What to produce:
Copy exactly the lines from the start of the material through the line with "前端以及后端。而对于复杂点的业务,比如像 AI 中台,包含". Pictures stay out of the copy.

Material for this exercise:
* * *

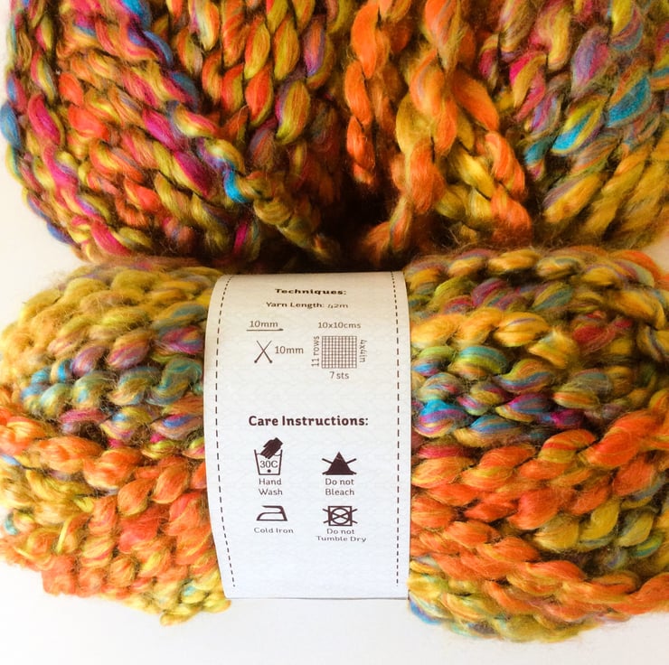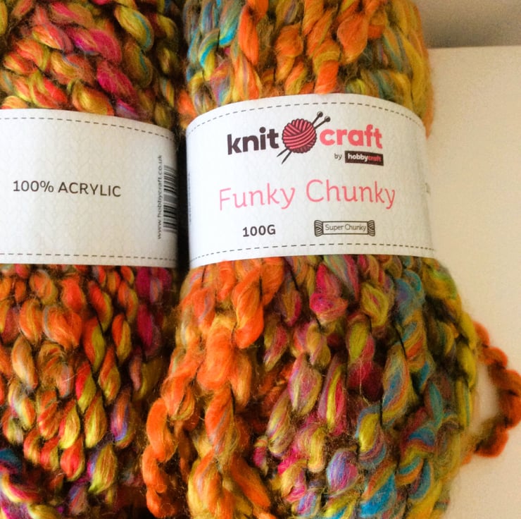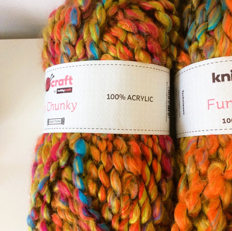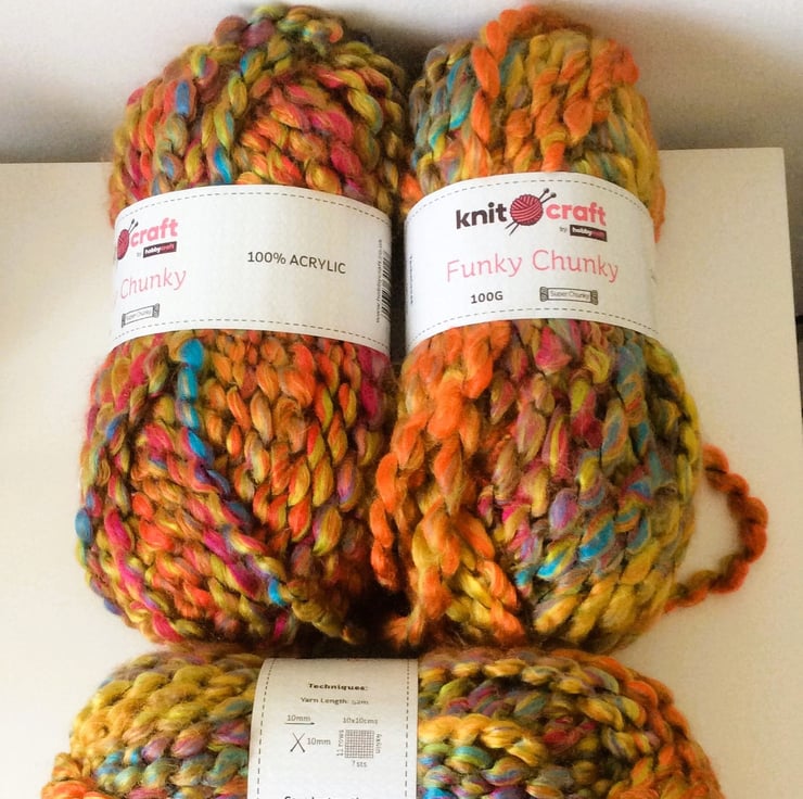 I have 3 x 100g balls of unused/unopened super chunky multicoloured wool. It is 100% acrylic, hand washable at 30 degrees and can be ironed (cold). The yarn length on each ball is approx 42m.
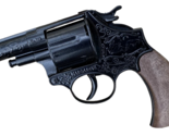 This cap-firing, police-style revolver features realistic action, accurate filigree stamping detail, and durable construction. Release the catch to open the cylinder, load 12 Shot Ring Caps (not included) on to the cylinder and close to fire, just like the real thing!
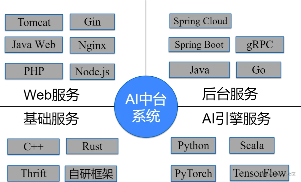 技术栈主要涉及的是开发业务所需的语言和框架,从业务的模块架构来看,最简单的业务系统,都包含2个模块,Web 前端以及后端。而对于复杂点的业务,比如像 AI 中台,包含 Web 服务、后台业务(比如用户认证、数据增删查改)、基础服务(比如存储、缓存、日志等系统),还有AI相关的服务,比如用户分析,智能推送等。每部分模块都会有最适合的语言和框架,这时候,多技术栈就是解决复杂系统开发效率最好的手段,而且也是企业架构的常态,会长期存在。
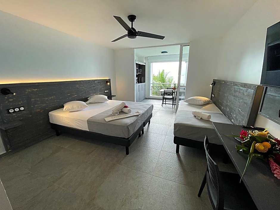 The Karaibes Hotel offers a variety of rooms including Quadruple, Twin, Superior Double, and Privilege Triple rooms. Smoking is not allowed in any of the rooms. The Quadruple room can accommodate 4 adults and 2 children and has 2 Twin beds and 1 Queen size bed. The Twin and Superior Double rooms can accommodate 2 adults and 1 child and have 2 Twin beds and 1 Queen size bed respectively. The Privilege Triple room can accommodate 3 adults and 1 child and has 1 Twin bed and 1 Double bed.
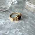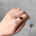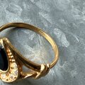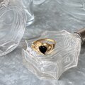 ゴールドトーンをベースにブラックオニキスのハートとクリアラインストーンが施されたリング。
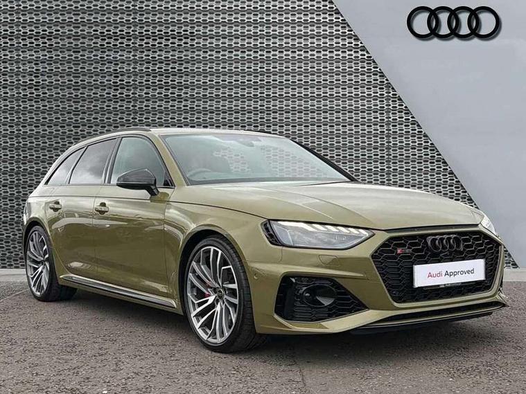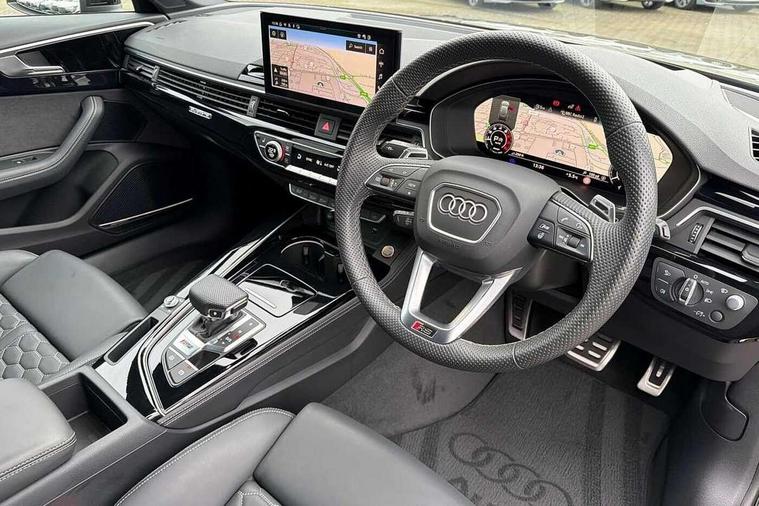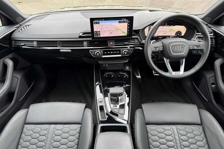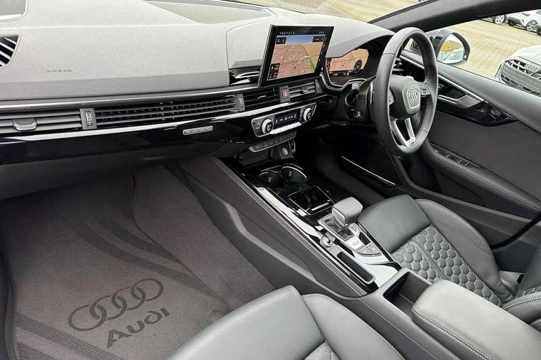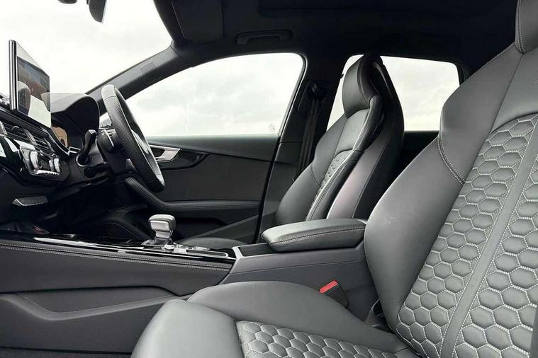 7" Colour driver information system, Advanced key with electric hands free boot opening system, Audi connect safety and service (e-call), Audi smartphone interface, Audi virtual cockpit with RS specific display, Automatic start-stop system with coasting functionality and efficiency programme, Bluetooth interface, Camera based traffic sign recognition, Email, calendar and text messages displayed via MMI, Head up Display, Lane departure warning, MMI Navigation plus with MMI touch includes 10.1" high resolution colour MMI display, 3D map, Power opening/closing tailgate, Progressive steering, RS Audi drive select, Service interval indicator, Voice control system, 58 Litre fuel tank, Increased top speed to 174mph, Quattro sports differential, RS sport suspension plus with dynamic ride control, 2 USB charging ports, Bang + Olufsen 3D sound system, DAB digital radio module, Two additional USB ports for rear passenger in rear centre console, 3rd brake light, Audi Beam uses LEDs to project the RS logo onto ground as you exit your RS4, Audi matrix LED headlights with LED rear lights + dynamic front and rear indicators, Audi rings and lettering glossy black, Auto dimming rear view mirror, Automatic headlights + automatic windscreen wipers, Black roof rails, Blue tinted glass, Body colour door handles, Electric front windows, Electric rear windows, Electrically folding auto dimming/adjustable/heated door mirrors with memory function, LED side indicators and kerb view function for passenger side, Flared front and rear wheel arches, Front bumper with enlarged air inlets, Headlight range control, High beam assistant, High gloss black door mirror housing, High gloss black triangular aperture at rear door, Honeycomb design grille with quattro logo, Lateral air inlets next to front headlights, LED daytime running lights, LED indicators in door mirrors, Panoramic glass sunroof, Privacy glass with rear acoustic glazing, Rain and light sensors, Rear side wing doors, Rear wiper, Roof spoiler, RS 4 badges on grille and rear, RS sport exhaust system, RS4 dual branch chrome tailpipes with left and right oval pipes, Side sill extensions in body colour with high gloss black inserts, Towbar preparation, Windscreen with heat insulating and acoustic glazing, 3 seat bench in 2nd row, 40/20/40 split folding rear seats with rear centre armrest, Black cloth headlining, Deluxe 3 zone electronic climate control, Door armrests and knee pad in leatherette, Electric load area cover, Electrically adjustable front seats, Front centre armrest, Front headrests, Heated front and outer rear seats, Heated steering wheel, Height and reach adjustable steering wheel with full size airbag, Illuminated door sill trims with RS4 logo, ISOFIX child seat mounting and top tether, Luggage compartment carpet, Rear headrests, Retractable load area cover, Single front passenger seat, Stainless steel pedals, Sunvisors with vanity mirrors, Black styling pack - RS4, City pack - RS4, Extended LED Interior multi-coloured lighting pack - RS4, LED Interior light pack - RS4, Non Smokers pack, Tour pack - RS4, 3 point seatbelts on all rear seats, Adaptive driver and front passenger airbags, Attention and drowsiness assist, Electromechanical parking brake, Electronic stabilisation control including ABS, ASR and EDL, Enhanced braking system, First aid kit with warning triangle and high visibility vests, Front head airbags, Front seatbelt pretensioners + load limiters, Front side airbags, Hill hold assist, Manual child lock in rear doors, Multi-Collision braking, Pop-up bonnet for pedestrian protection, Pre sense city, Rear side airbags, Seatbelt monitoring, Traction control, Tyre pressure warning, Variable restraint system, Warning triangle and first aid kit, Anti theft alarm, Anti-theft wheel bolts, Immobiliser, Keyless Go, Remote central locking, Remote control key with RS emblem, Piano black finish inlay, 20" 5 segment spoke evo design matt grey sport alloy wheels with high sheen finish, Tool kit, Tyre repair kit,
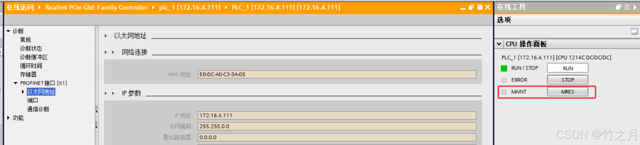 2.修改完地址后,再次通过【在线访问】,可以看到新地址的PLC,MAINT黄色指示灯 不亮,才是正常状态。

* * *

Answer area:
 I have 3 x 100g balls of unused/unopened super chunky multicoloured wool. It is 100% acrylic, hand washable at 30 degrees and can be ironed (cold). The yarn length on each ball is approx 42m.
 This cap-firing, police-style revolver features realistic action, accurate filigree stamping detail, and durable construction. Release the catch to open the cylinder, load 12 Shot Ring Caps (not included) on to the cylinder and close to fire, just like the real thing!
 技术栈主要涉及的是开发业务所需的语言和框架,从业务的模块架构来看,最简单的业务系统,都包含2个模块,Web 前端以及后端。而对于复杂点的业务,比如像 AI 中台,包含 Web 服务、后台业务(比如用户认证、数据增删查改)、基础服务(比如存储、缓存、日志等系统),还有AI相关的服务,比如用户分析,智能推送等。每部分模块都会有最适合的语言和框架,这时候,多技术栈就是解决复杂系统开发效率最好的手段,而且也是企业架构的常态,会长期存在。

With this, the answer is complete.